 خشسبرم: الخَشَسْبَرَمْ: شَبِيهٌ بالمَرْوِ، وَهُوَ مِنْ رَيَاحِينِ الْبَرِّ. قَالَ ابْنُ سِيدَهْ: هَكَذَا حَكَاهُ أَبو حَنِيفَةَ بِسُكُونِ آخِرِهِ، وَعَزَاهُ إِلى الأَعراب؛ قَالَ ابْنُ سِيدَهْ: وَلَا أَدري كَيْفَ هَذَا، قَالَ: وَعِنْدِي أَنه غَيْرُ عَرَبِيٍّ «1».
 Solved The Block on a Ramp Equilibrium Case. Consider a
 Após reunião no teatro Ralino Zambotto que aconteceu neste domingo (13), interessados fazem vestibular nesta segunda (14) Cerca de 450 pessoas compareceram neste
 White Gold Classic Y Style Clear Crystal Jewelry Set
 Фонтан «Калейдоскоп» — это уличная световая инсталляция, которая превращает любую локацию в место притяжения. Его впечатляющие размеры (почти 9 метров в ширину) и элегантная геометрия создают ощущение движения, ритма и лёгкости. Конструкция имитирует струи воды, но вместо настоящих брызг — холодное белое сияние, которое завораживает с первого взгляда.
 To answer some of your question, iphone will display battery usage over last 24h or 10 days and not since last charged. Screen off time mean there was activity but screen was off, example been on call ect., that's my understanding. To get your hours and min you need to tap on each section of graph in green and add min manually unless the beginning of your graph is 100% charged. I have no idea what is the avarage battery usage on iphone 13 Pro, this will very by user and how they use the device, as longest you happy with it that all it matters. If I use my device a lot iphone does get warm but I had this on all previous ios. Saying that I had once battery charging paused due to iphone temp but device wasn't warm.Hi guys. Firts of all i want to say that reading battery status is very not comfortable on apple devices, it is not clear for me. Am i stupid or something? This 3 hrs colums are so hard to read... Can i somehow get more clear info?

==

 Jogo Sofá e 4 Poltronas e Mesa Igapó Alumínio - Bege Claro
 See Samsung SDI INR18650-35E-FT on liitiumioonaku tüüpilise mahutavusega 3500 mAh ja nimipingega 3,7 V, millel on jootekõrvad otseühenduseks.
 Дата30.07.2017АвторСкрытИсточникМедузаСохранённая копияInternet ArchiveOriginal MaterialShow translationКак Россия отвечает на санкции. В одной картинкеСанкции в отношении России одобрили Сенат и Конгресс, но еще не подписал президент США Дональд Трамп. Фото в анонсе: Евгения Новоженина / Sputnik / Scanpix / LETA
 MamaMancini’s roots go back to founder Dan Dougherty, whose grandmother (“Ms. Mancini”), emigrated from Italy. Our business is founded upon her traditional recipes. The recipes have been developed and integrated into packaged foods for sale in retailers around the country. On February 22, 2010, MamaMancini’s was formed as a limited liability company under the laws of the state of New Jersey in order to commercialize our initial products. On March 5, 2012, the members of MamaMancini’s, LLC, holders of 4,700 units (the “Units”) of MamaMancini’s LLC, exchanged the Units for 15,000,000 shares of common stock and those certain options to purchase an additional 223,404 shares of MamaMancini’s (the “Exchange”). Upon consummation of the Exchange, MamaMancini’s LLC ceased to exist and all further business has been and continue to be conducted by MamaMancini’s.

==

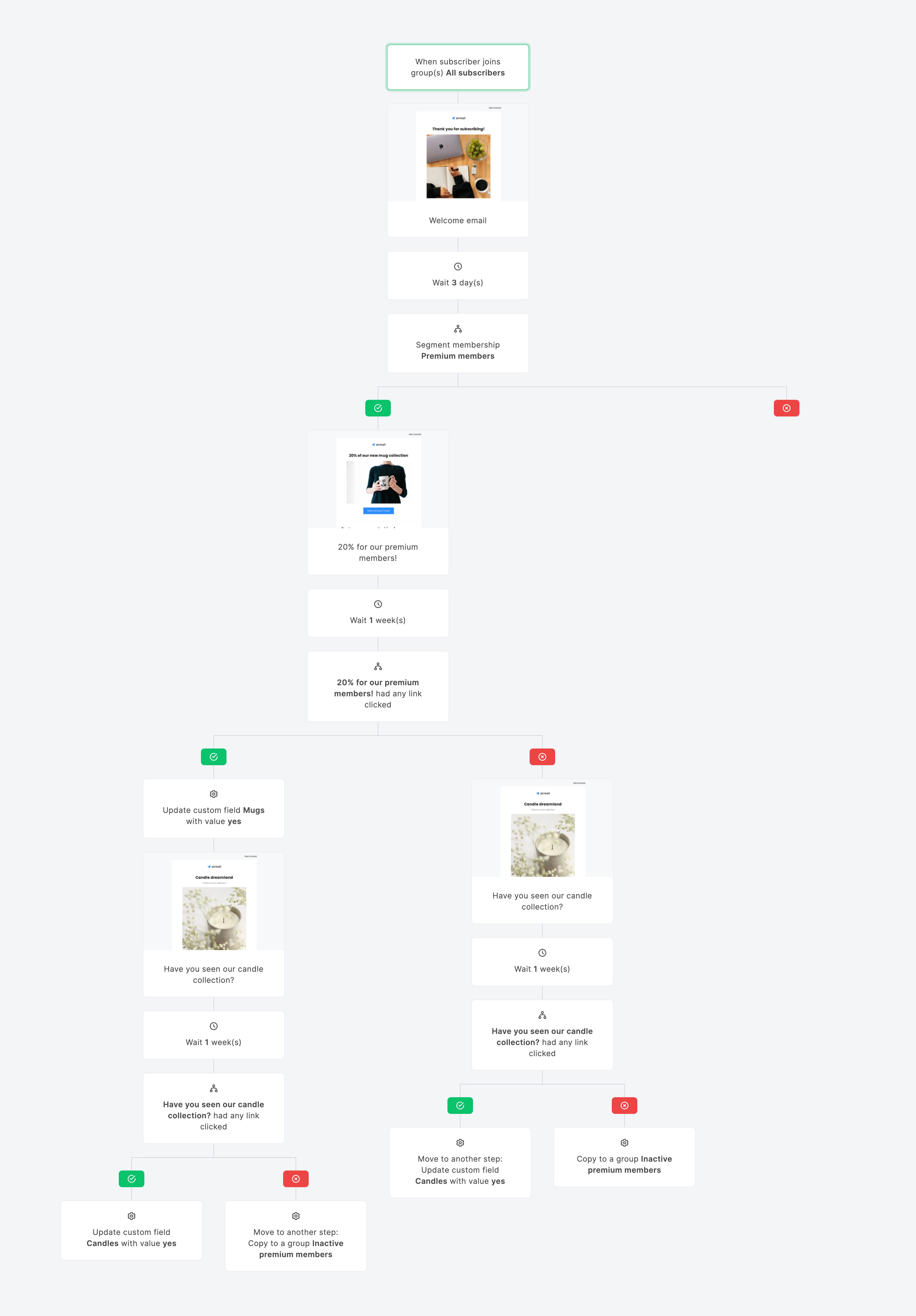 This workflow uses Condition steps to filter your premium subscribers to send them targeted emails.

### Action item
Give again exactly, and only, the lines above starting at the one with "Após reunião no" and ending at the one with "White Gold Classic".

### Output below
 Após reunião no teatro Ralino Zambotto que aconteceu neste domingo (13), interessados fazem vestibular nesta segunda (14) Cerca de 450 pessoas compareceram neste
 White Gold Classic Y Style Clear Crystal Jewelry Set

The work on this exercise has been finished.